Stored entries
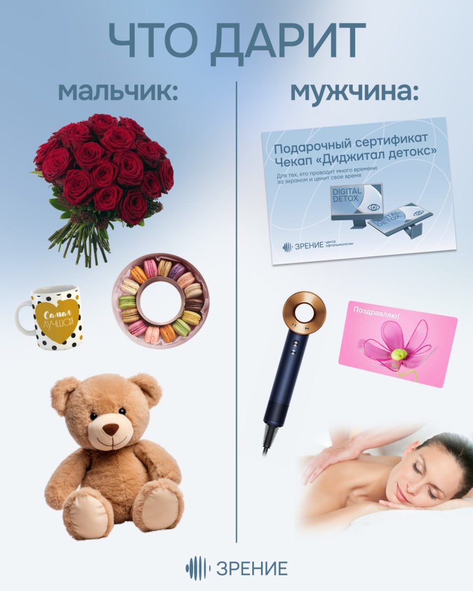 Подарки бывают разные… Один дарит то, что радует глаз. Другой — заботится о ваших глазах. Для тех, кто выбирает заботу, у нас есть чекап «Digital Detox», в который входит: 🔵 проверка зрения 🔵 диагностика сухости глаз 🔵 обследование сетчатки 🔵 рекомендации врача, как снизить нагрузку и защитить глаза Подарите себе или близким здоровье глаз — иногда лучший подарок тот, который действительно нужен 👀💙 Записаться можно: 🔵через кнопку «записаться» 🔵на сайте 🔵по телефону +7 (812) 603 86 05
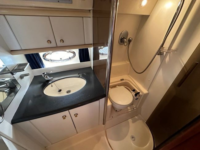The heads is to starboard containing sea toilet, wash basin, mixer tap and shower with screen.
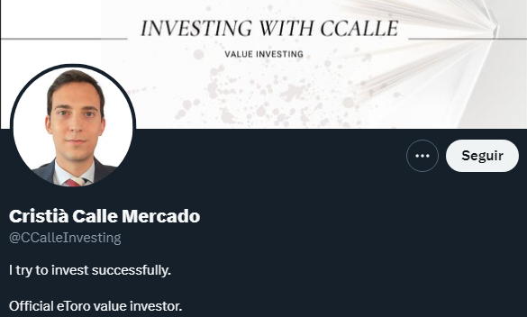 Calle fue uno de los primeros usuarios de eToro, pero no descubrió su verdadera pasión por la inversión hasta hace unos años, cuando encontró una pasión que había estado latente durante mucho tiempo por estudiar empresas y leer sobre su funcionamiento. Mediante análisis cuantitativos y cualitativos, determina el valor intrínseco de una empresa y elabora su propio valor estimado. Si Calle no puede determinarlo por sí mismo, no invierte.
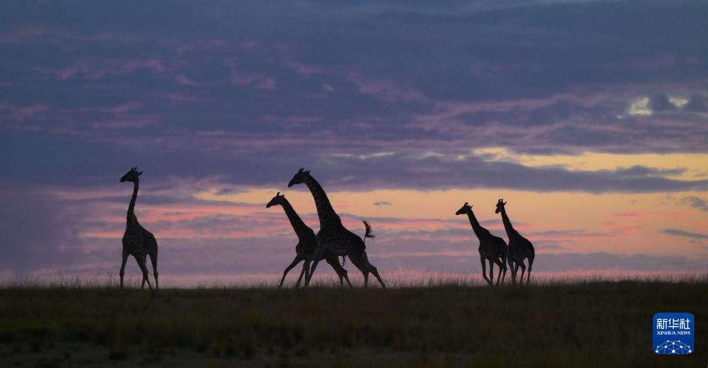 9月1日日出時分,在肯尼亞馬賽馬拉國家保護區(qū),一群長頸鹿在草原上奔跑。
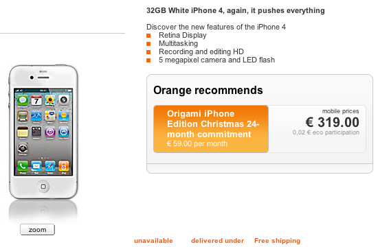 La compagnia telefonica Orange si aggiunge all’elenco dei carriers che hanno pubblicato sul proprio sito internet delle immagini dell’imminente iPhone 4 in versione Bianca. La notizia è che il prezzo esposto è di 20 euro maggiore alla versione Black.

**REQUIRED WORK:** Write out each line exactly, from the one containing "9月1日日出時分,在肯尼亞馬賽馬拉國家保護區(qū),一群長頸鹿在草原上奔跑。" through the end of the entries, and skip the pictures.

**SOLUTION TO THIS PROBLEM:**
 9月1日日出時分,在肯尼亞馬賽馬拉國家保護區(qū),一群長頸鹿在草原上奔跑。
 La compagnia telefonica Orange si aggiunge all’elenco dei carriers che hanno pubblicato sul proprio sito internet delle immagini dell’imminente iPhone 4 in versione Bianca. La notizia è che il prezzo esposto è di 20 euro maggiore alla versione Black.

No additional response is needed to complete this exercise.